In the weeks leading up to this year’s 9/11 anniversary, I began reading Dennis Smith's Report from Ground Zero. I bought my copy when it was first released in 2002 but was only able to read about a third of it. The writing was quite good, but the devastating memories were still too fresh, too painful.
When I visited Ground Zero in May 2004, I discovered that two years and eight months still wasn't enough time to truly process the horrific events of that September day. With no connections to New York City, I wept for the thousands of strangers who were lost, the emergency responders who died trying to save others, and the family, friends, and co-workers who had to carry on in the aftermath.
Fifteen years later, I finally felt I could finish Smith's account of the day the towers fell, the painstaking recovery efforts that followed, and the memories of 343 firefighters who never came home. It still hurt, but it also brought a sense of closure after so many years of avoiding the discomfort. Smith's book is an honest and moving tribute that should be read by anyone who has ever been, or who aspires to be, a firefighter.
This year I also watched some of the many 9/11 documentaries on TV. Not a bad one in the bunch, but CNN’s “9/11: Fifteen Years Later” dovetailed nicely with Smith’s book to provide a true insider’s perspective of what it was like in and around the World Trade Center following the attacks.

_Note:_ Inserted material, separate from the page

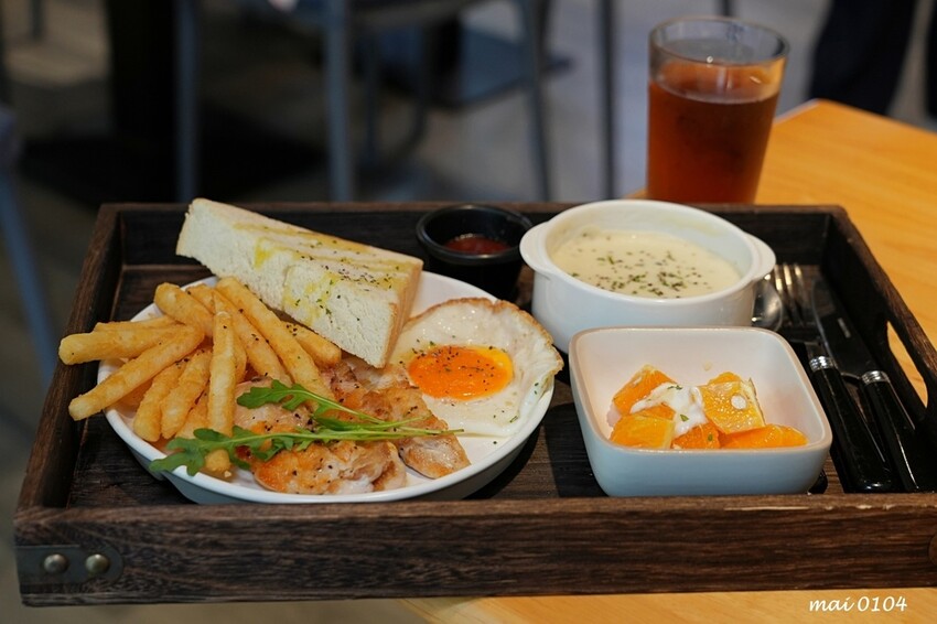 早午餐含香草太陽蛋、季節水果優格、薯條、麵包、濃湯、飲品
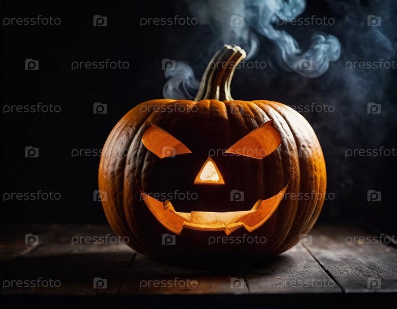 Вырезанная тыква на Хэллоуин имеет угрожающее лицо, подсвеченное изнутри, с дымом, поднимающимся вверх, что усиливает тревожную атмосферу вечера. Генеративный ИИ

FDNY firefighter James Hanlon, who is now an award-winning filmmaker, director, and producer, was a member of Ladder Company 1, Engine 7 working with French filmmakers Gedeon and Jules Naudet on a documentary about a probationary firefighter. On the morning of September 11, while on scene at a gas leak in downtown Manhattan, Jules Naudet captured some of the only existing footage of the first hijacked jet as it crashed into the north tower of the World Trade Center. The video taken by the Naudet brothers, who were in different locations through much of the initial chaos, shows firefighters scrambling to save people and ultimately themselves, and then trying to come to grips with devastation of unimaginable scale. The resulting footage is in turns chilling, horrifying, sad, inspiring, and profoundly moving.
To read more about “9/11: Fifteen Years Later” go to:
The effects of 9/11 are still felt today. Thousands of people battle cancers related to their work at Ground Zero. Families have had to move on without their loved ones. The country has been at war for 15 years, and the shadow of terrorism now hangs over daily life.
We must never forget those who died at the World Trade Center, the Pentagon, and aboard Flight 93 near Shanksville, PA on September 11, 2001.